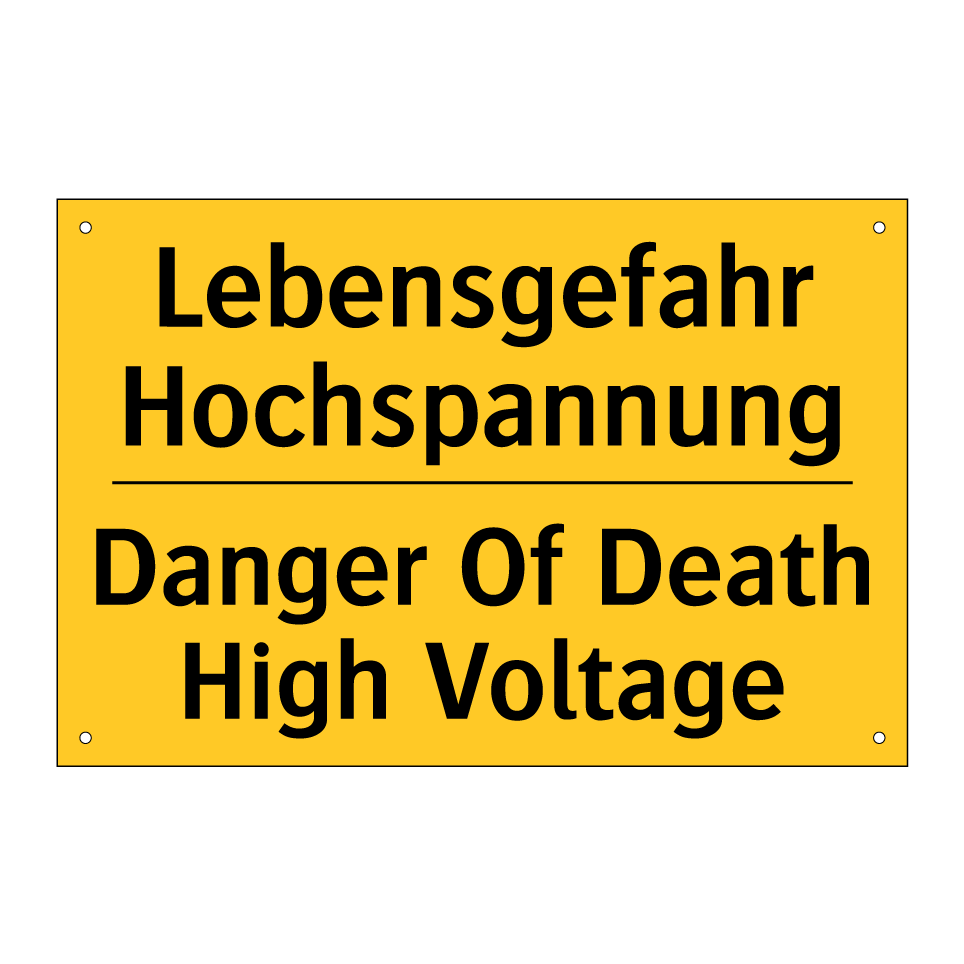 Zweisprachiges Warnschild mit deutschem Text Lebensgefahr Hochspannung und englischem Text Danger Of Death High Voltage
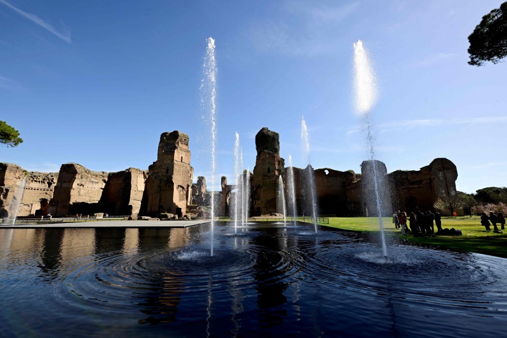 这是4月4日在意大利罗马卡拉卡拉浴场拍摄的新搭建的人工水景。新华社/法新
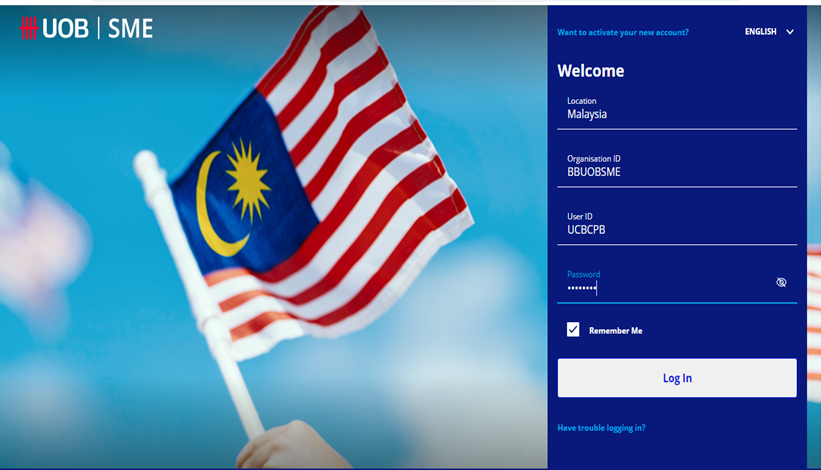 3) Will connect to UOB SME website > key in Organisation ID, user ID and password
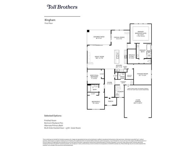 MLS# 3491299 - Built by Toll Brothers, Inc. - Ready Now! ~ The Bingham Transitional features a contemporary stucco exterior with a covered front porch entry. The elongated foyer is flanked by a short hall that leads to two bedrooms and shared hall bath. The open great room boasts a multi-slide door that opens to the covered patio to expand living space to the outdoors. The well-appointed kitchen with stainless steel appliances, center island, casual dining space and a large walk-in pantry will impress any chef. The versatile flex room provides added space to create the room you need to fit your lifestyle. Relax in the primary bedroom suite enhanced with a decorative tray ceiling and luxurious bath with a dual sink vanity, separate tub and shower, and sizable walk-in closet. Located in a 55 community with resort-style amenities, this is single-story living at it's finest.
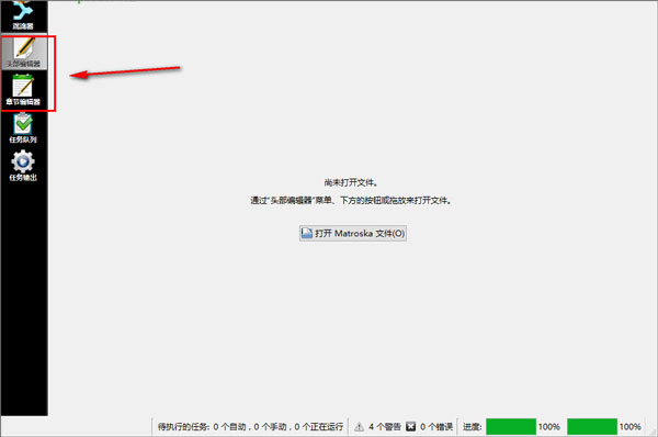 1、打开 MKVToolnix 软件,等待加载完成后进入主界面。
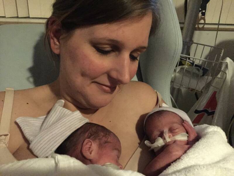 Inmiddels had ik een katheter en ik weet nog heel goed dat ik zei 'ok voordat we naar de OK gaan, moet ik echt nog heel even plassen' iets wat natuurlijk helemaal niet kan met een katheter. De gynaecoloog vertelde mij toen dat ik rustig aan moest doen, want dit waren persweeën. Mijn man was gelukkig gearriveerd en we konden op naar de OK. Normaal gezien worden kindjes onder de 32 weken niet in een perifeer ziekenhuis gehaald, maar 1 ding was zeker Rotterdam of een ander ziekenhuis ging ik niet meer redden, dus werd er een team van de NICU gebeld om naar het ziekenhuis te komen en de kindjes samen met de neonatoloog van hier op te vangen. Eenmaal op de OK viel mij gelijk op dat het heel druk was, 2 teams, 1 voor ieder kindje, het standaard OK team en natuurlijk de gynaecoloog en mijn man. Ik zag behoorlijk op tegen de ruggenprik, maar door de anesthesist ben ik zo enorm op mijn gemak gesteld, dat ik er zo goed als niets van gevoeld heb.
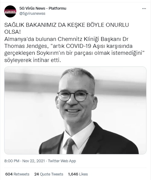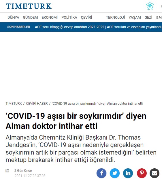 Son günlerde, Twitter’da bazı kullanıcıların paylaştığı iddiaya göre Alman Doktor Thomas Jendges bir intihar notu bırakarak intihar etti. Notta ise Jendges’in Covid-19 aşısı ile gerçekleştirilen soykırımın artık bir parçası olmak istemediği iddia edildi. İddia Twitter paylaşımlarının yanında Timetürk’de ve Doğru Haber’de de yer aldı. Kullanıcılar paylaşımlarında kaynak olarak bir video gösterdi. Videoyu aşağıda bulabilirsiniz.
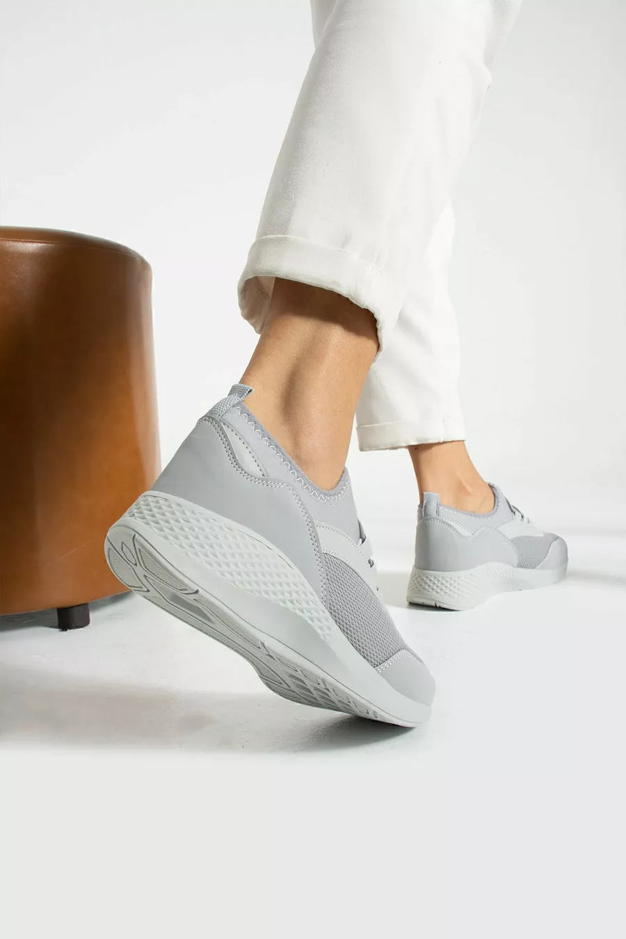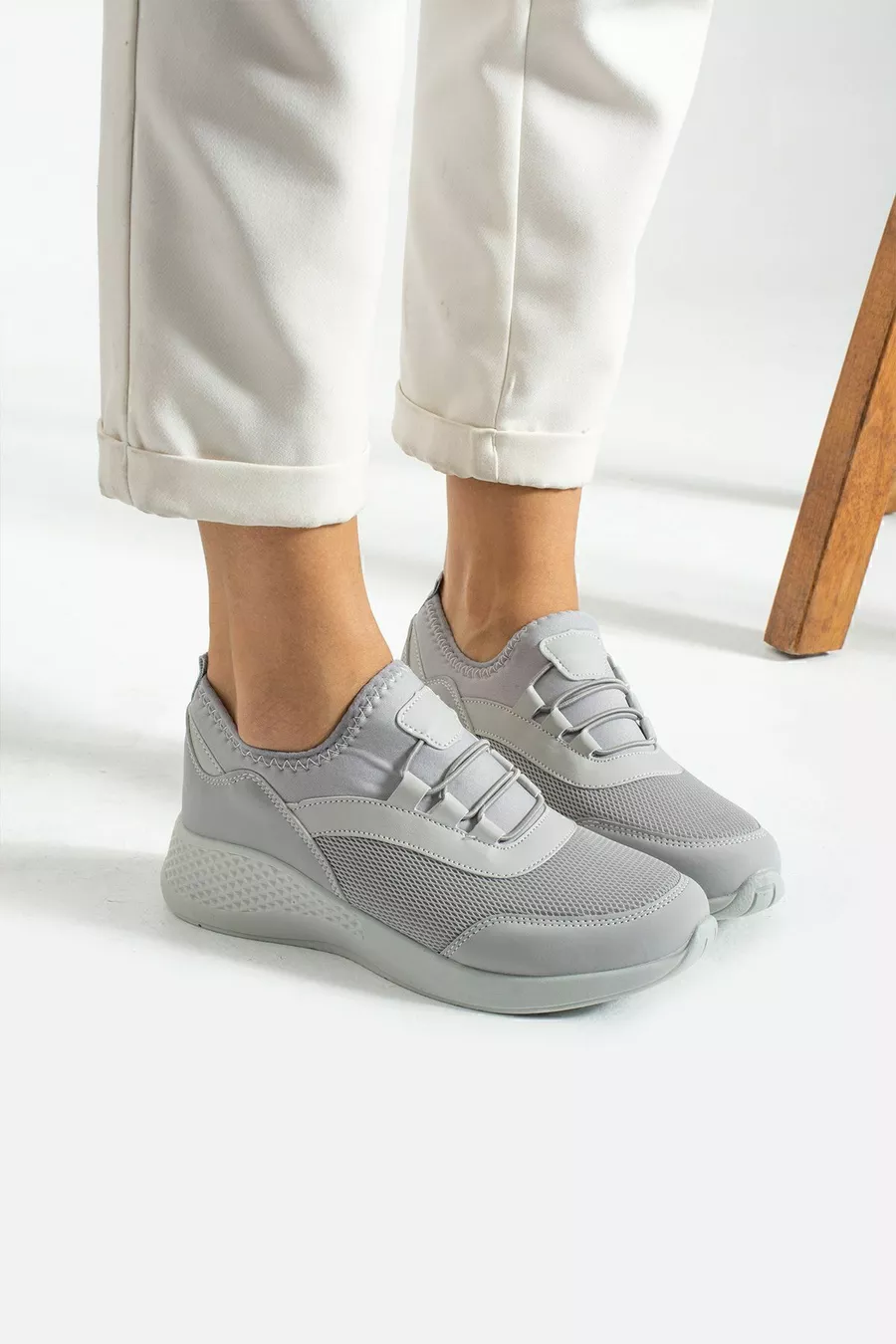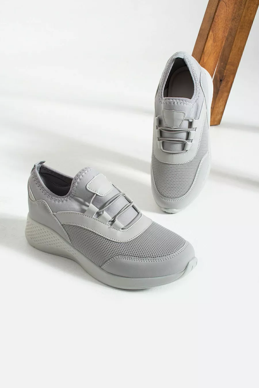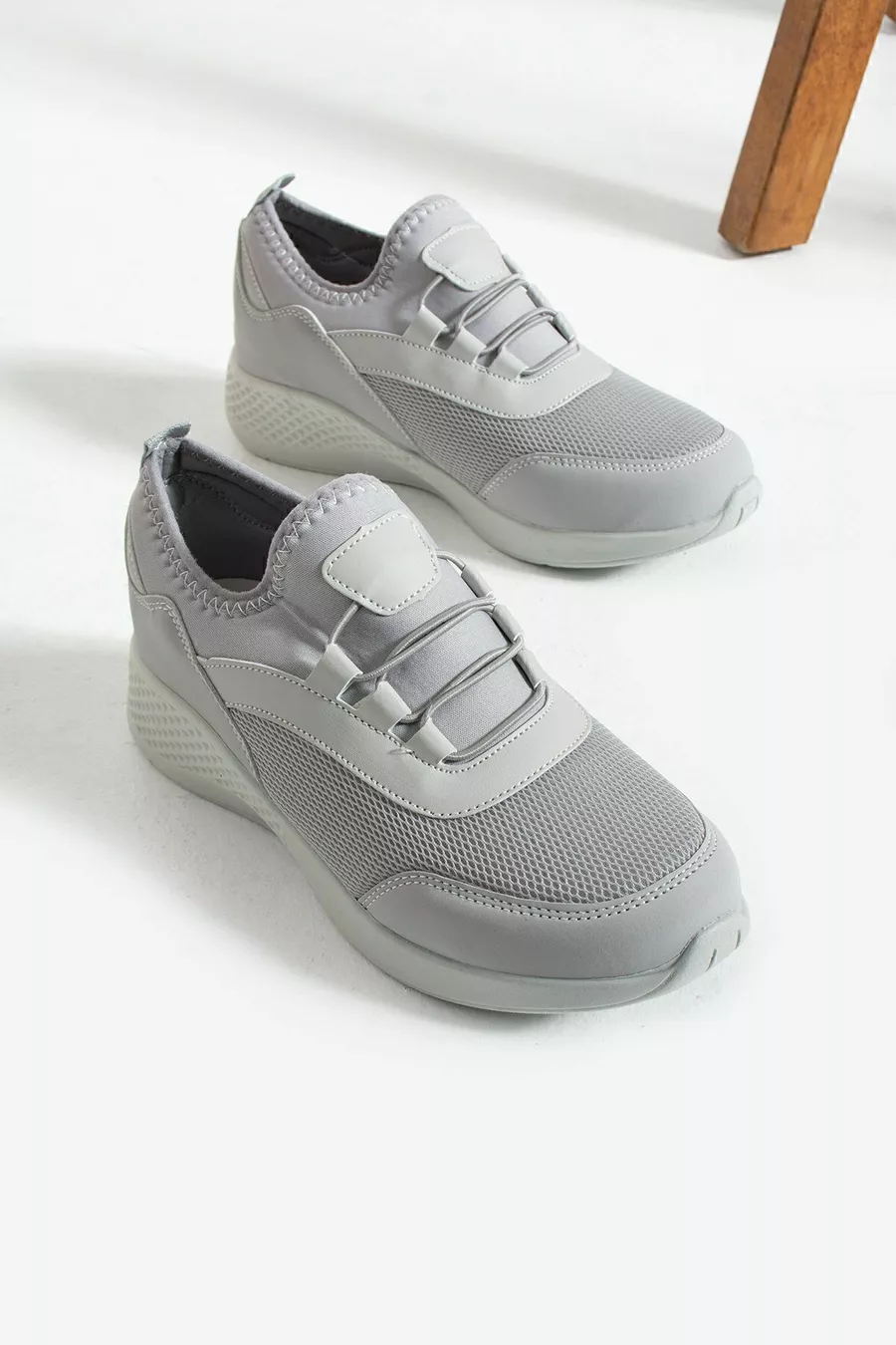 Eisgraue, anatomisch geformte, flexible Slip-on-Sportschuhe für den Alltag

● ● ● ● ● ● ●

(Work request): The expected output is each record, copied exactly, and nothing in place of the pictures.

(Task output):
 Zweisprachiges Warnschild mit deutschem Text Lebensgefahr Hochspannung und englischem Text Danger Of Death High Voltage
 这是4月4日在意大利罗马卡拉卡拉浴场拍摄的新搭建的人工水景。新华社/法新
 3) Will connect to UOB SME website > key in Organisation ID, user ID and password
 MLS# 3491299 - Built by Toll Brothers, Inc. - Ready Now! ~ The Bingham Transitional features a contemporary stucco exterior with a covered front porch entry. The elongated foyer is flanked by a short hall that leads to two bedrooms and shared hall bath. The open great room boasts a multi-slide door that opens to the covered patio to expand living space to the outdoors. The well-appointed kitchen with stainless steel appliances, center island, casual dining space and a large walk-in pantry will impress any chef. The versatile flex room provides added space to create the room you need to fit your lifestyle. Relax in the primary bedroom suite enhanced with a decorative tray ceiling and luxurious bath with a dual sink vanity, separate tub and shower, and sizable walk-in closet. Located in a 55 community with resort-style amenities, this is single-story living at it's finest.
 1、打开 MKVToolnix 软件,等待加载完成后进入主界面。
 Inmiddels had ik een katheter en ik weet nog heel goed dat ik zei 'ok voordat we naar de OK gaan, moet ik echt nog heel even plassen' iets wat natuurlijk helemaal niet kan met een katheter. De gynaecoloog vertelde mij toen dat ik rustig aan moest doen, want dit waren persweeën. Mijn man was gelukkig gearriveerd en we konden op naar de OK. Normaal gezien worden kindjes onder de 32 weken niet in een perifeer ziekenhuis gehaald, maar 1 ding was zeker Rotterdam of een ander ziekenhuis ging ik niet meer redden, dus werd er een team van de NICU gebeld om naar het ziekenhuis te komen en de kindjes samen met de neonatoloog van hier op te vangen. Eenmaal op de OK viel mij gelijk op dat het heel druk was, 2 teams, 1 voor ieder kindje, het standaard OK team en natuurlijk de gynaecoloog en mijn man. Ik zag behoorlijk op tegen de ruggenprik, maar door de anesthesist ben ik zo enorm op mijn gemak gesteld, dat ik er zo goed als niets van gevoeld heb.
 Son günlerde, Twitter’da bazı kullanıcıların paylaştığı iddiaya göre Alman Doktor Thomas Jendges bir intihar notu bırakarak intihar etti. Notta ise Jendges’in Covid-19 aşısı ile gerçekleştirilen soykırımın artık bir parçası olmak istemediği iddia edildi. İddia Twitter paylaşımlarının yanında Timetürk’de ve Doğru Haber’de de yer aldı. Kullanıcılar paylaşımlarında kaynak olarak bir video gösterdi. Videoyu aşağıda bulabilirsiniz.
 Eisgraue, anatomisch geformte, flexible Slip-on-Sportschuhe für den Alltag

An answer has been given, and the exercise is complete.